This study aims to evaluate the therapeutic potential of targeted Fe₃O₄@Au/FA core-shell nanoparticles as dual sensitizers in enhancing radiotherapy and hyperthermia for C6 glioma cancer cells, minimizing off-target effects. The investigation focuses on the efficacy of this combination therapy in promoting apoptosis and generating reactive oxygen species (ROS).

The Fe₃O₄@Au/FA nanoparticles were synthesized and characterized using dynamic light scattering (DLS), transmission electron microscopy (TEM), and scanning electron microscopy (SEM) to confirm their size, zeta potential, and morphology. Fourier-transform infrared spectroscopy (FTIR) was used to analyze the functional groups on the nanoparticle surface. The cytotoxicity of the nanoparticles was assessed through the MTT assay on OLN-93 and C6 glioma cells, and cellular uptake was quantified via inductively coupled plasma optical emission spectrometry (ICP-OES). Ex vivo biocompatibility was evaluated with hemolysis tests and measurements of liver enzymes, urea, and creatinine. Heat generation was monitored during exposure to alternating magnetic fields (AMF) to calculate cumulative equivalent minutes (CEM). The therapeutic effects were evaluated using colony formation assays (CFA) for plating efficiency (PE) and survival fraction (SF) calculation. Flow cytometry was utilized to quantify apoptosis and necrosis, while intracellular ROS levels were measured with the DCFH-DA assay following combined treatments with varying doses of ionizing radiation (0–8 Gy).

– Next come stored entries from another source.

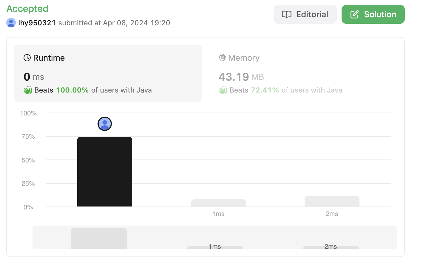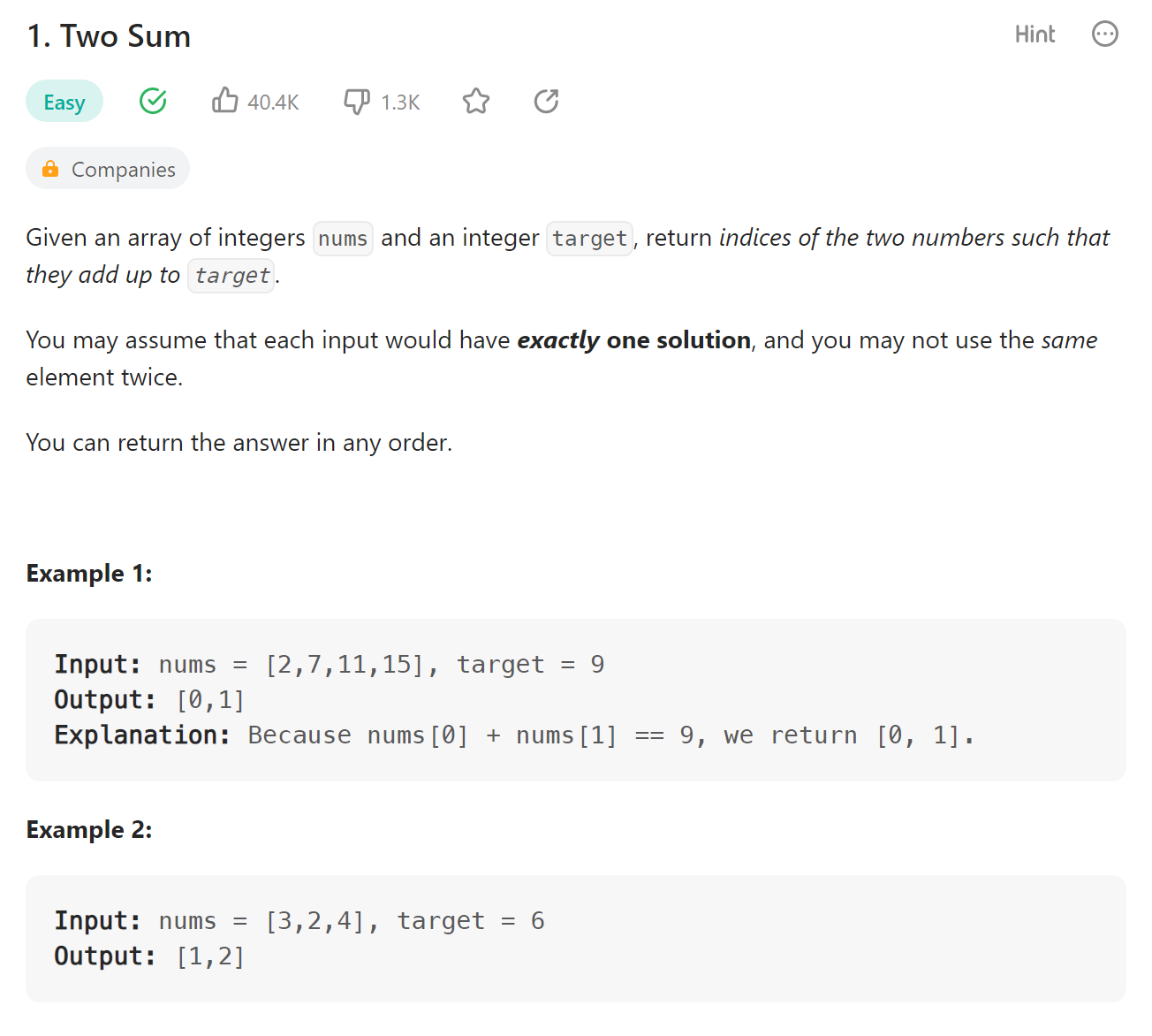 문제 / 예제 / 제한 조건 : 처음에 문제 보자마자 엄청 쉬워보였다.# 풀이 1내가 생각했던 방식은 [1,2,3,4] 가 있다면이 값을 모두 곱해둔 값을 하나 가지고 있고 -> 24result를 저장 할 때, nums[i]로 나누어서 저장하면 된다고 생각했다.class Solution { public int[] productExceptSelf(int[] nums) { int[] results = new int[nums.length]; int allMultipleValue = 1; for (int num : nums) { allMultipleValue *= num; } for (int i = 0; i Time comp..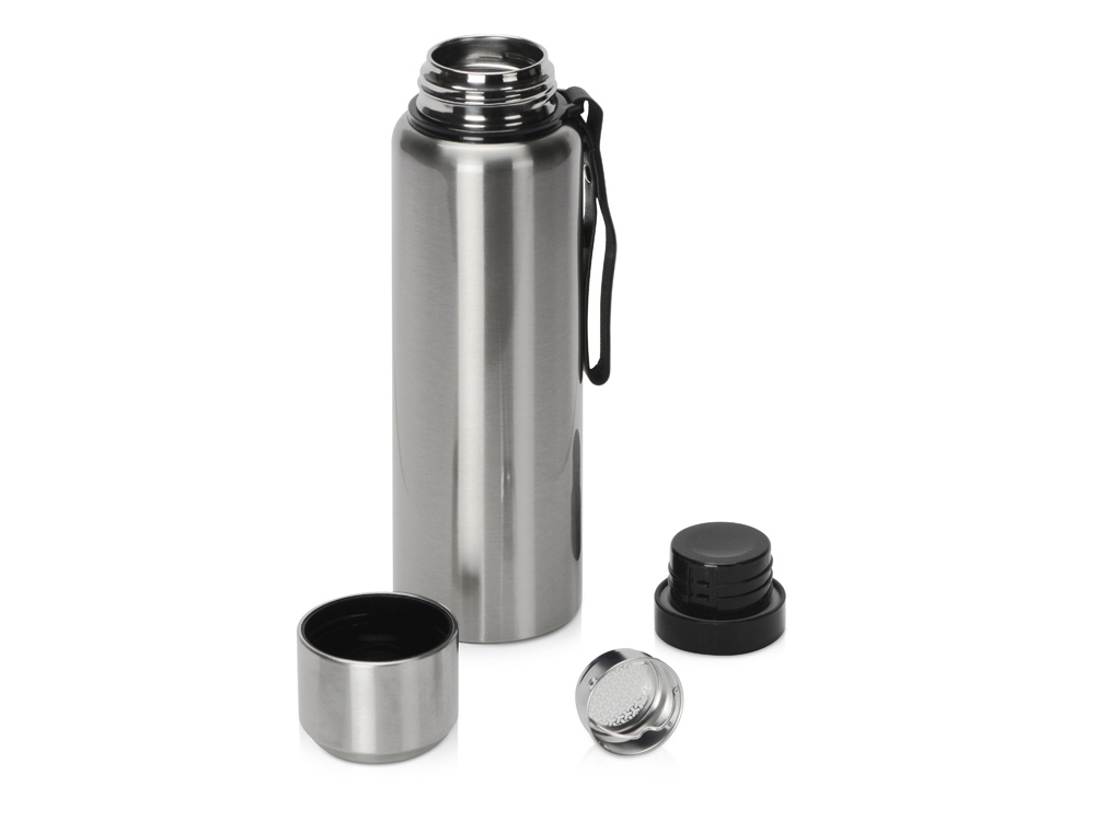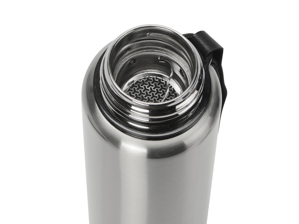 Вакуумный термос c двойными стенками из «пищевой» нержавеющей стали 304 марки для небольших путешествий и отдыха на природе. Надежно удерживает тепло и холод в течение 24 часов. Крышку можно использовать в качестве чашки. В комплекте имеется съемное ситечко из нержавеющей стали. Имеется прочный и удобный ремешок для переноски. Объем 800 мл.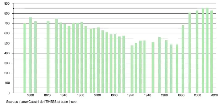 L'évolution du nombre d'habitants est connue à travers les recensements de la population effectués dans la commune depuis 1793. Pour les communes de moins de 10 000 habitants, une enquête de recensement portant sur toute la population est réalisée tous les cinq ans, les populations légales des années intermédiaires étant quant à elles estimées par interpolation ou extrapolation[2]. Pour la commune, le premier recensement exhaustif entrant dans le cadre du nouveau dispositif a été réalisé en 2006[3].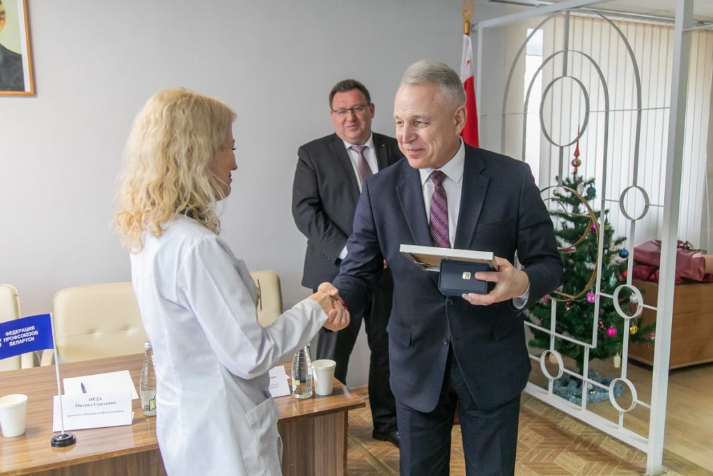 Председатель ФПБ Михаил Орда вручил профсоюзные награды лучшим работникам Атолинской больницы

Characterization confirmed the nanoparticles’ spherical morphology, with an average size of 40.8 ± 2.8 nm and a negative zeta potential of -19.93 mV. Ex vivo biocompatibility tests demonstrated that the nanoparticles exhibit good compatibility, suggesting minimal adverse effects on biological systems. ICP-OES confirmed effective cellular uptake. CFA revealed significant decreases in PE and SF for combined therapies. Flow cytometry showed enhanced apoptosis and necrosis in combined treatment groups (p < 0.01). Furthermore, ROS levels increased significantly with the maximum radiation dose in the combined treatment (p < 0.0001), highlighting the nanoparticles’ effectiveness in promoting therapeutic responses against glioma cells.

Our magnetic gold core-shell nanoparticles demonstrate good biocompatibility and effective tumor uptake, enhancing radiotherapy and hyperthermia for C6 glioma treatment. These findings highlight their potential for improving treatment outcomes through enhanced apoptosis and ROS generation.